2020-02-29T19:06:15.274Z


Young people and immigrants see someone who wants to change the system in the Democratic candidate


For 50 years, in the United States, almost every election of a new president has meant a new return of the national political pendulum. Richard Nixon's murky presidency gave way - after Gerald Ford held office long enough to pardon his former boss - to Jimmy Carter's shrimp. Four years later Ronald Reagan broke in, followed by the first president of the baby boom generation , Bill Clinton, following the parenthesis of George HW Bush's unique mandate. Clinton, prosecuted and womanizer (but intelligent) was succeeded by Bush's son, George W., moral and anti-intellectual, who in turn gave way to that kind of Spock that was Barack Obama, before the pendulum swing, every Once again, it will reach the unprecedented extravagance of Donald Trump.

How is it going to be strange, then, that while the Democrats strive in the campaign to choose their candidate, the most extreme of all is the one who is winning? After the Nevada caucuses , Senator Bernie Sanders has more than just the wind in favor. It represents exactly the kind of partisan reaction against Trump that was to be expected and is another proof that the arc of the political pendulum is increasingly pronounced. Sanders, who has always declared himself a socialist and has never joined the Democratic Party, embodies the opposite of the current president, with his eighties style of greed.

Why has the arc of electoral oscillations in the US been enlarged so much? In other times, presidential candidates, to succeed, had to embrace hope and optimism. It was normal, because the richest country in the world had been upward for more than a century and enjoying its feverish American dream. When leaders deviated from that idea, in periods of difficulty (Carter and his discourse about discomfort), or were considered guilty of a temporary recession that did not fit optimistic expectations (Bush Sr.), the electorate showed them the door .
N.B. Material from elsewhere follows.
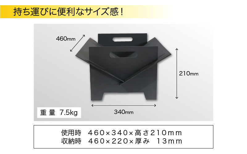 | 容量 | アウトドア用品 アイアン焚き火台 【サイズ】 使用時:460 × 340 × 高さ210mm 収納時:460 × 220 × 厚み13mm 重 量:7.5kg 【原材料】 鉄 |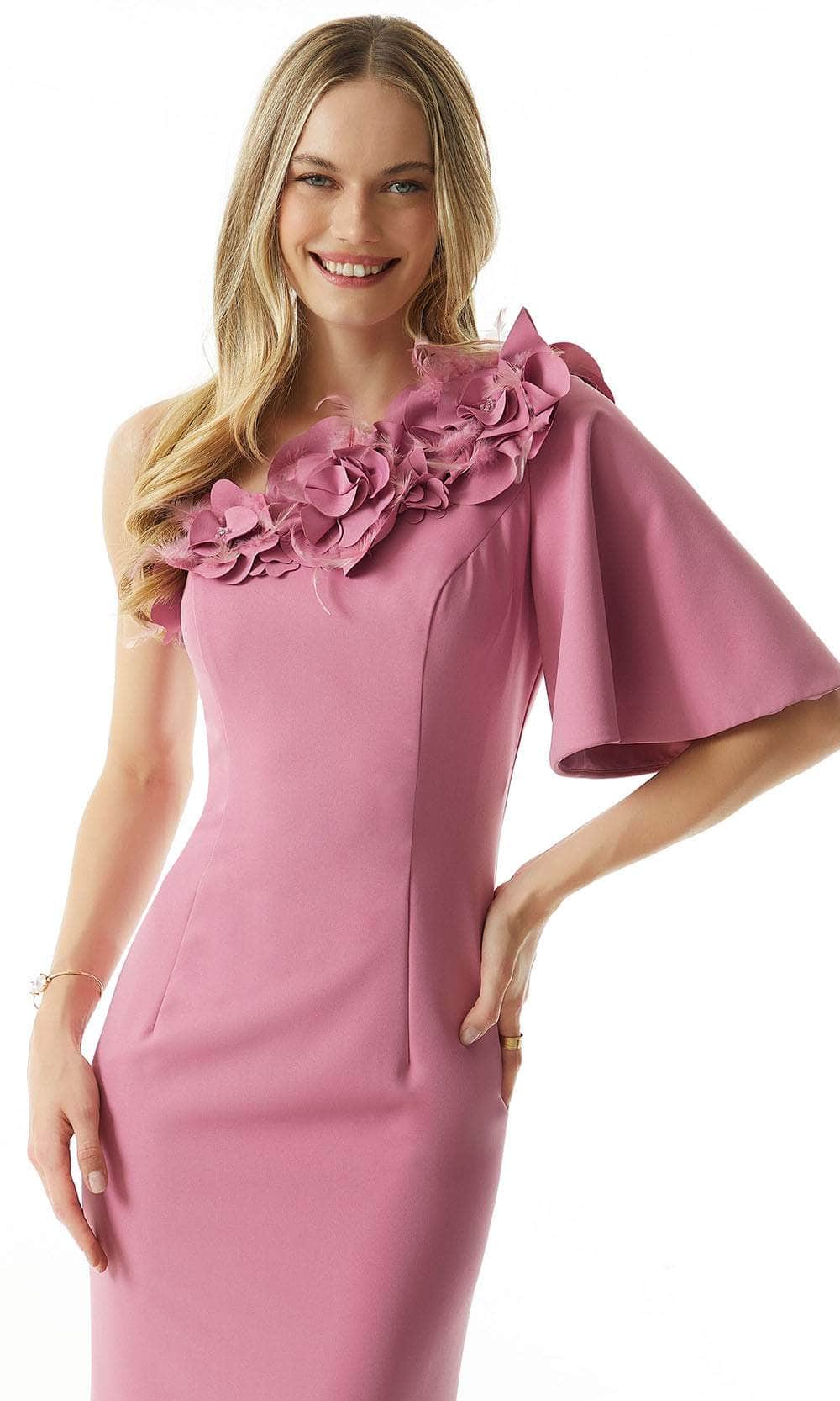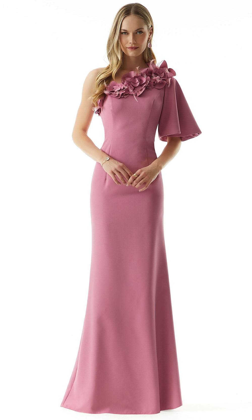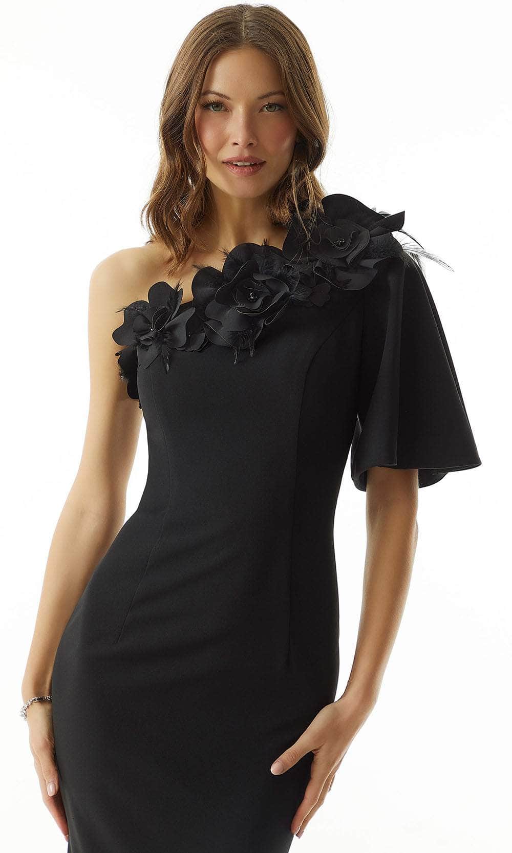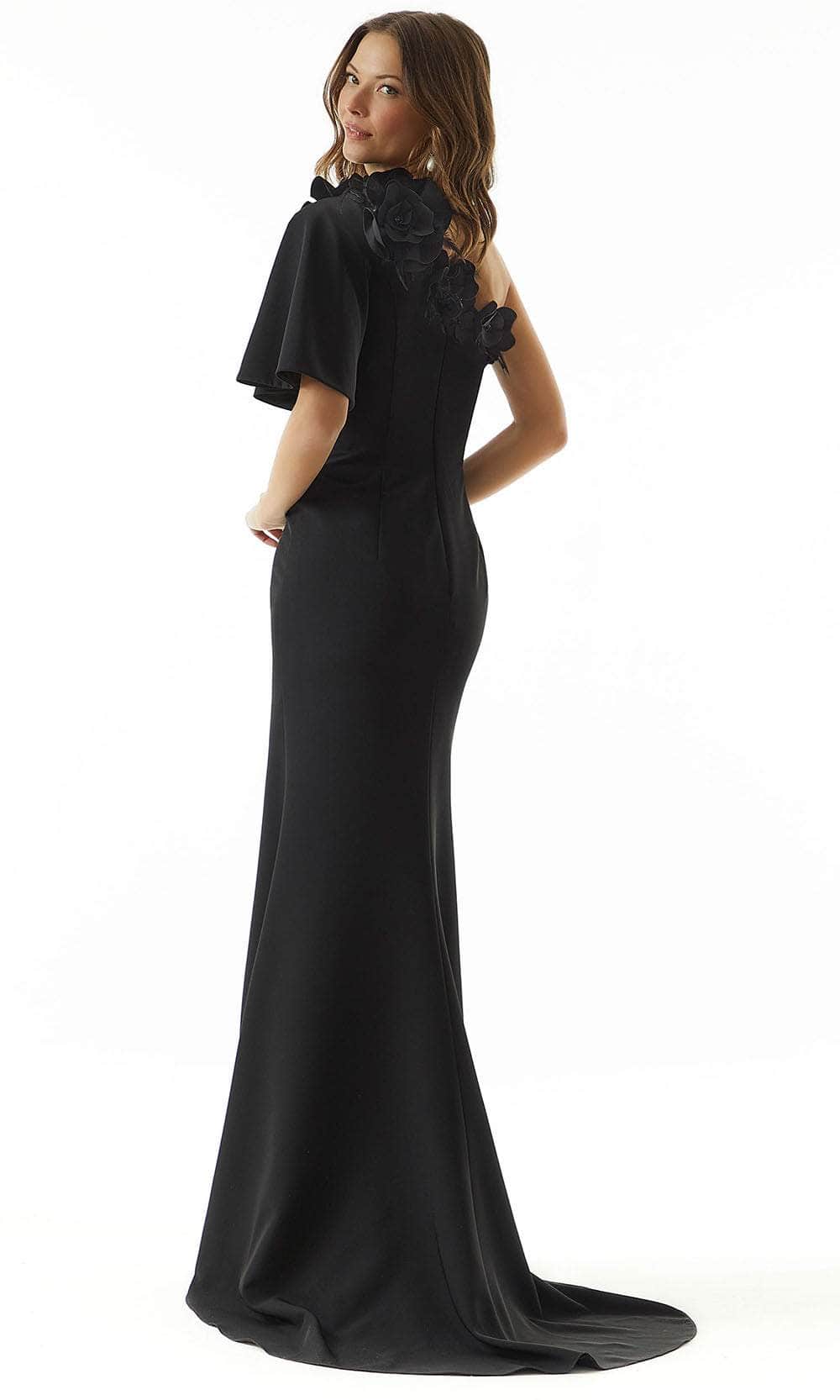 Cultivate an aura of captivating intrigue with the MGNY by Mori Lee 73009 creation. This chic evening gown breaks the mold of traditional design with its captivating asymmetrical neckline. Three-dimensional flowers, meticulously crafted and accented with shimmering crystal beading, cascade across the bodice, adding a touch of captivating texture and whimsical charm. A single, elegant short sleeve adds a touch of modern asymmetry, while the fitted silhouette flatters the figure and exudes timeless sophistication. Delicate feathers add a touch of ethereal lightness, completing this unforgettable ensemble. The MGNY by Mori Lee 73009 gown is a masterpiece designed to redefine red carpet glamour. Models are wearing the Black and Peony colors.

Then the new millennium arrived and the American century suffered three successive blows: the 9/11 terrorist attacks, poorly conceived wars in Afghanistan and Iraq and the global financial crisis of 2008. Since the crisis, politicians have tried everything to boost the economic growth, because there is nothing that benefits everyone more. The US economy grew abnormally during the century after the Secession War, because life expectancy almost doubled and productivity soared, thanks to a series of discoveries and inventions (vaccines, antibiotics, electricity and microchips).
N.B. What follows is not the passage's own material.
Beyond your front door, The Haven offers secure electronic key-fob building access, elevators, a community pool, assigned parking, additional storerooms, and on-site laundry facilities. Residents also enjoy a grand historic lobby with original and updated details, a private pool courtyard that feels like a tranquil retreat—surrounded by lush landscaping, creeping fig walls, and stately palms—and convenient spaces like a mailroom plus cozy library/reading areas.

Trump has countless weaknesses, and many things can happen between now and November

The last 10 years have increased wealth inequalities to such an extent that many members of the middle class fell into that precipice and carried a wobbly faith in the American dream.

With that faith he also left, probably, any hope that a moderate Democrat could get the nomination in 2020. After all, Joe Biden, Pete Buttigieg and Amy Klobuchar speak much like Bill Clinton and Robert Rubin, symbols of an era that at the time seemed good, but today is considered the period in which jobs began to leave by globalization, average incomes stagnated and not only was a new plutocracy born but national leaders promoted it .
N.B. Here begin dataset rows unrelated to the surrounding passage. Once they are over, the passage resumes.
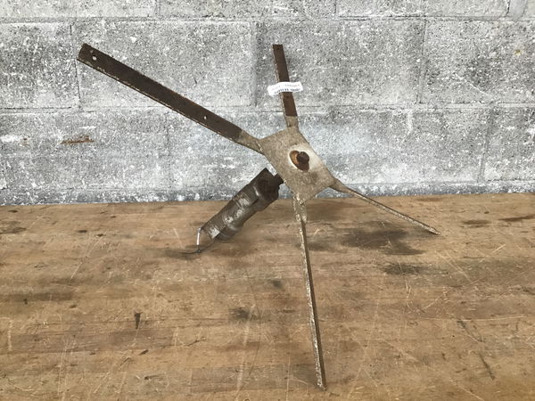 Four arms that look like they once held fan blades. Comes mounted on a spindle, which rests in two pillow blocks.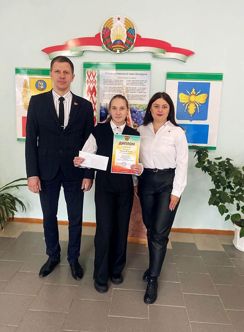 Начальник отдела идеологической работы и по делам молодежи Климовичского райисполкома Андрей Зенькович и первый секретарь райкома ОО «БРСМ» Наталья Судиловская вручили победительницам дипломы и денежные призы.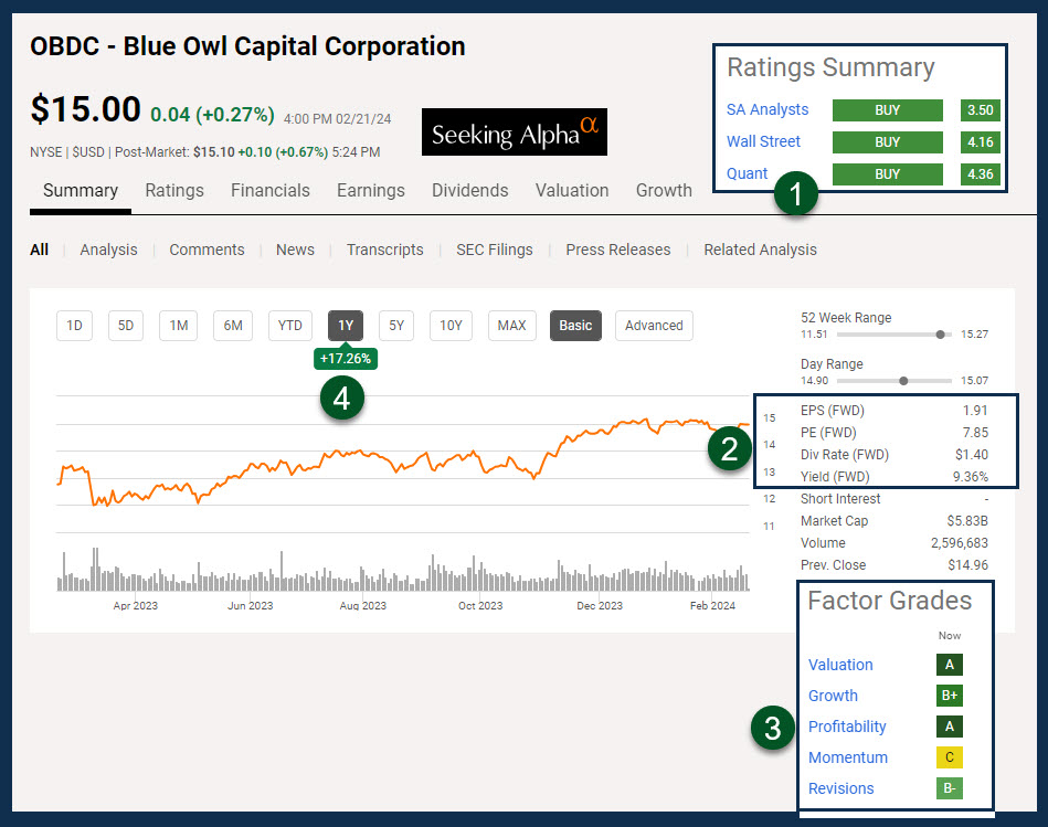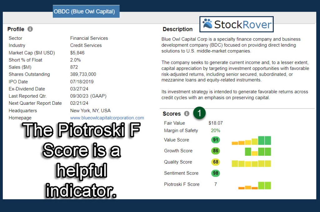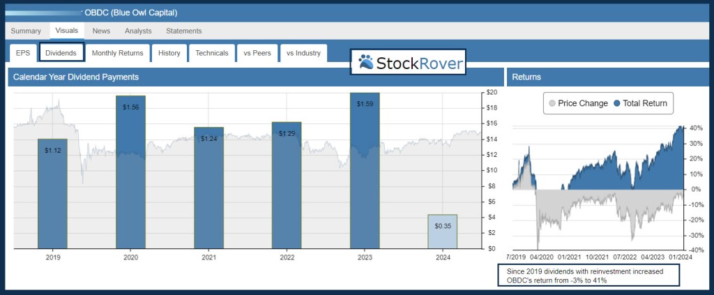 The Stock Rover dividend graph might cause some investors concern. 2021-2022 show lower dividends. However, special dividends do play a part in this. OBDC paid four special dividends in 2023, and each time the dividend increased. It was $0.04, $.06, $0.07, and $0.08 for those four supplemental “special” dividends.

Demography, like gravity, is an almost immutable force. As much as the traditional sages of the Democratic Party try to convince voters that nominating Sanders will favor Trump's re-election, it gives the impression that most of the youth, immigrants and minorities of the party (the true future of the Democrats) disagrees. Surely they see in Sanders someone who convincingly appeals to lost hopes and wants to drastically change a system that no longer offers them a credible way to move forward. After all, why defend a status quo that leaves them indebted to the eyebrows, with precarious employment, with inadequate housing and about to be ruined by any medical emergency? The irony is that this powerful message is similar to Trump's call to disenchanted workers voters and allowed him to win the Republican nomination and the presidency in 2016.

The elections are full of uncertainty. Sanders could win them for many reasons. The country is divided almost in half whoever the candidate is, undecided voters are unpredictable, electoral math is complicated, Trump has innumerable weak points, and many things can happen from here to November.

Let's not forget that almost all political and market experts were wrong with the 2016 elections. Today, when the optimistic American spirit seems to be giving way to disappointment in both parties, Sanders' push is understandable and should not be underestimated.

Alexander Friedman is co-founder of Jackson Hole Economics, was executive director of Gam Investments, head of investments at UBS, chief financial officer of the Bill & Melinda Gates Foundation and Researcher at the White House.

© Project Syndicate, 2020.

Translation by María Luisa Rodríguez Tapia.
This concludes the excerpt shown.